___ GIVEN RECORDS
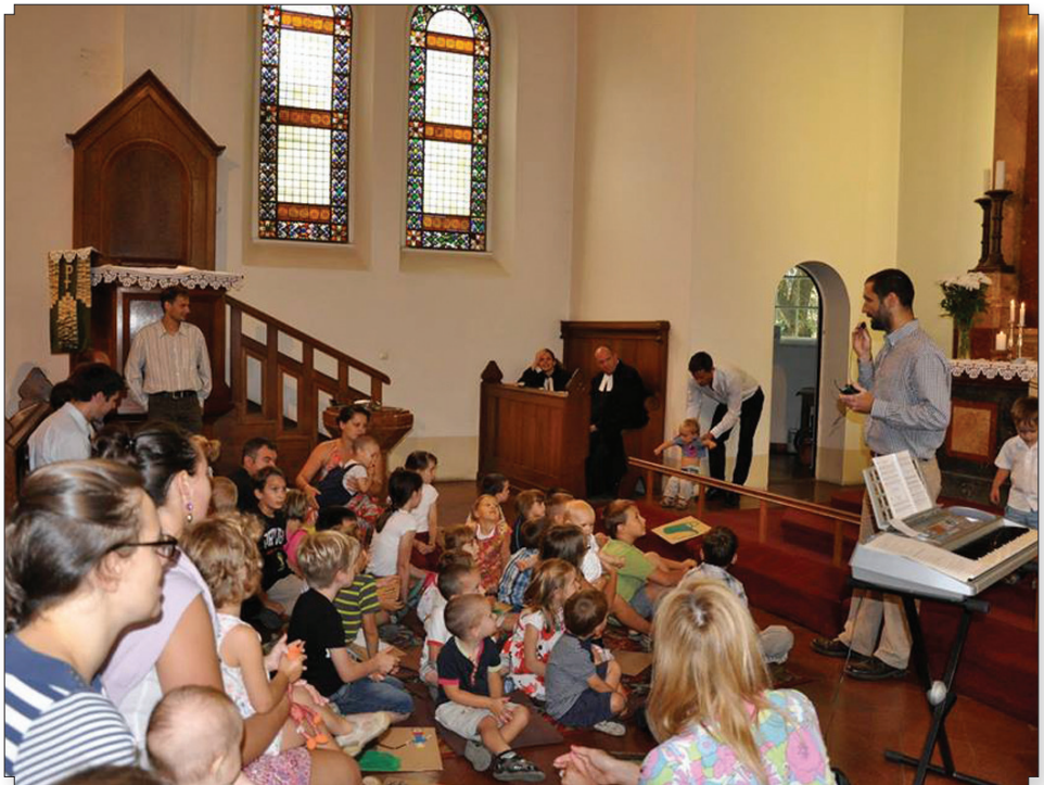
Tanévnyitó családi istentisztelet
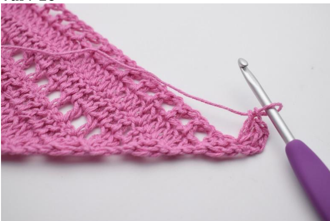
1. Vänd arbetet med 4 lm. Virka 2 st i första m.
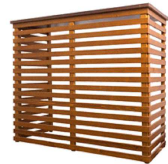
SISTEMA OCCULTAMENTO MACCHINA ESTERNA
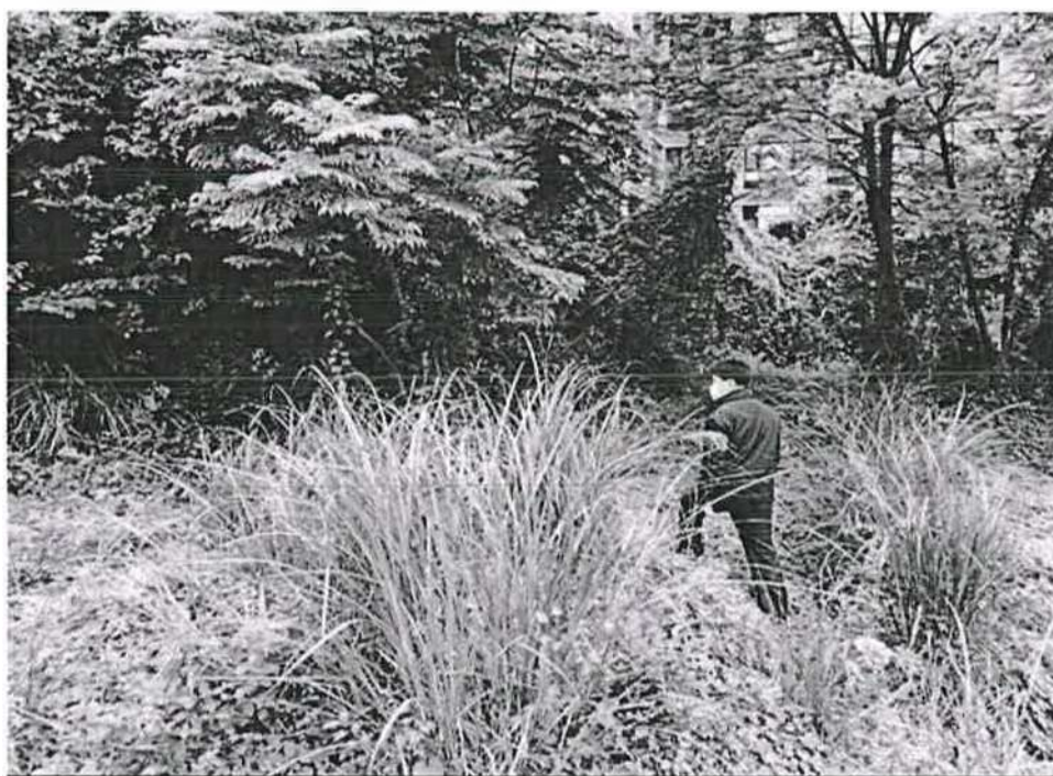
圖1 監察委員高涌誠至新竹市殯葬管理所找尋古井童屍
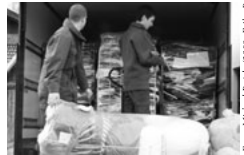
Das Österreichische Bundesheer liefert die Hilfsgüter nach Suva Reka / Kosovo.
______
* **TASK PROMPT**
Each line of the data needs to be output exactly, with any image excluded.

* **ANSWER FOR THIS EXERCISE**
Tanévnyitó családi istentisztelet
1. Vänd arbetet med 4 lm. Virka 2 st i första m.
SISTEMA OCCULTAMENTO MACCHINA ESTERNA
圖1 監察委員高涌誠至新竹市殯葬管理所找尋古井童屍
Das Österreichische Bundesheer liefert die Hilfsgüter nach Suva Reka / Kosovo.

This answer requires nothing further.